Comment Adrien Guinet a-t-il procédé ? Il a en fait découvert au fil de ses recherches que les nombres premiers qui sont utilisés pour générer la clé de chiffrement utilisée par WannaCrypt pour verrouiller les documents de l’ordinateur ne sont pas effacés pendant le processus, malgré l’appel de la fonction CryptDestroyKey. Ils sont gardés en mémoire.

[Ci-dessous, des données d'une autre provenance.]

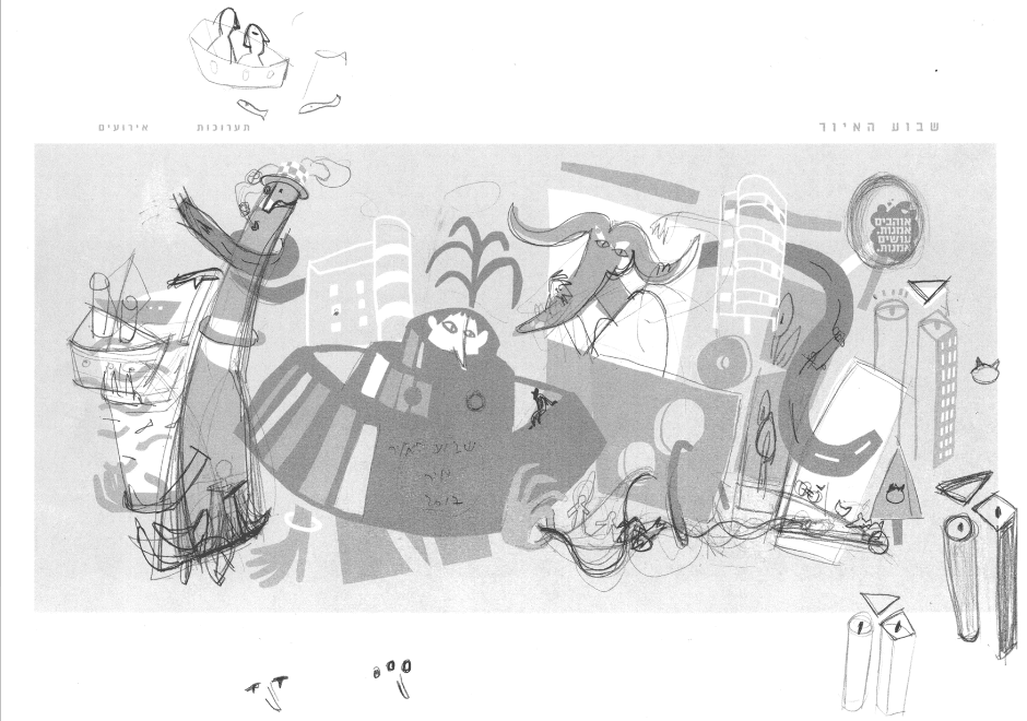 התחלתי עם סקיצות למספר פסלים ומבנים אהובים וזכורים בעיר והוספתי להם עיניים וידיים, אהבתי שזה לקח כל מבנה למקום מפתיע ואחר. את הדמויות חיברתי יחד לטובת האיור הראשי שמופיע באתר שבוע האיור, משם יצאתי והפרדתי את הדמויות לפורמטים השונים. הניסיונות הראשונים של הביצוע היו דווקא בסגנון וקטורי שהיה פחות מוצלח לטעמי, הרגשתי שהוא קר ומאט את התנופה שאני רוצה להעביר עם הדמויות.

« Cela veut dire qu’avec de la chance (beaucoup ?), la clé privée RSA nécessaire pour déchiffrer WannaCrypt pourrait encore être présente dans un système infecté ! », s’enthousiasme-t-il. Mais, « mauvaise nouvelle : la fonction CryptReleaseContext est appelée après le fait que la clé privée de chiffrement est sauvée. Et cette fonction efface la partie que nous avons vu en mémoire », nuance-t-il.

Il ajoute : « les auteurs de WannaCrypt ont fait du bon travail en effaçant en mémoire une version exportée de la clé privée RSA qui a été générée ». Mais le Français a par ailleurs constaté que la fonction CryptReleaseContext ne semble pas marcher comme prévu avec Windows XP. « La clé est toujours là après le passage de la fonction CryptReleaseContext », fait-il remarquer.

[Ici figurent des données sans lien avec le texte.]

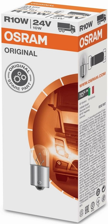 Osram R10W 24V - 10W Orginal LKW Schlusslicht/Kennzeichen/Park- / Postionslicht- Standard BA15s 10er Faltschachtel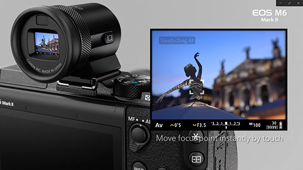 Canon EOS M6 MKII dovrebbe offrire anche un mirino staccabile con pannello OLED e mettere a disposizione lo spostamento del punto di fuoco con la funzione Touch & Drag AF quando il mirino è in uso.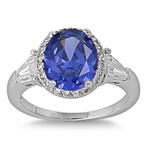 -. Title : Oval Design Simulated Tanzanite & Clear Cz .925 Sterling Silver Ring Sizes 4-11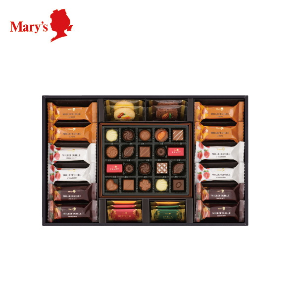 ファンシーチョコレート×20、ミルフィーユ(アーモンド・ストロベリー・チョコレート×各4)、プレーンチョコレート(ミルク・スイート・ビター×各2)、カカオサブレアソート×4 賞味期限120日

Pour le dire autrement, si WannaCrypt se sert d’une vulnérabilité pour infecter les postes informatiques, Wannakey se sert aussi d’une faiblesse technique de Windows, à savoir l’absence de remise à zéro de la mémoire sous Windows XP malgré l’usage de la fonction CryptReleaseContext, pour récupérer la clé privée de chiffrement. Et c’est cette clé que va donc chercher Wannakey.

Pas d’emballement pour autant. On l’a vu, il faut d’une part que la machine infectée soit sous Windows XP et qu’aucun redémarrage n’ait eu lieu. En outre, Adrien Guinet explique sur une page GitHub que sa méthode ne marche malheureusement pas à tout les coups même s’il entend actualiser Wannakey afin de rendre son outil de plus en plus efficace.

En outre, le chercheur a fait savoir sur Twitter qu’il travaille à la mise au point d’un programme permettant d’utiliser Wannakey plus facilement pour le grand public. En effet, la méthode qu’il a conçue (rappelons-le : elle ne permet pas déchiffrer les données bloquées : elle ne fait que retrouver la clé) n’est pas facile à prendre en main puisqu’il faut passer par l’interface utilisateur en ligne de commande (cmd.exe).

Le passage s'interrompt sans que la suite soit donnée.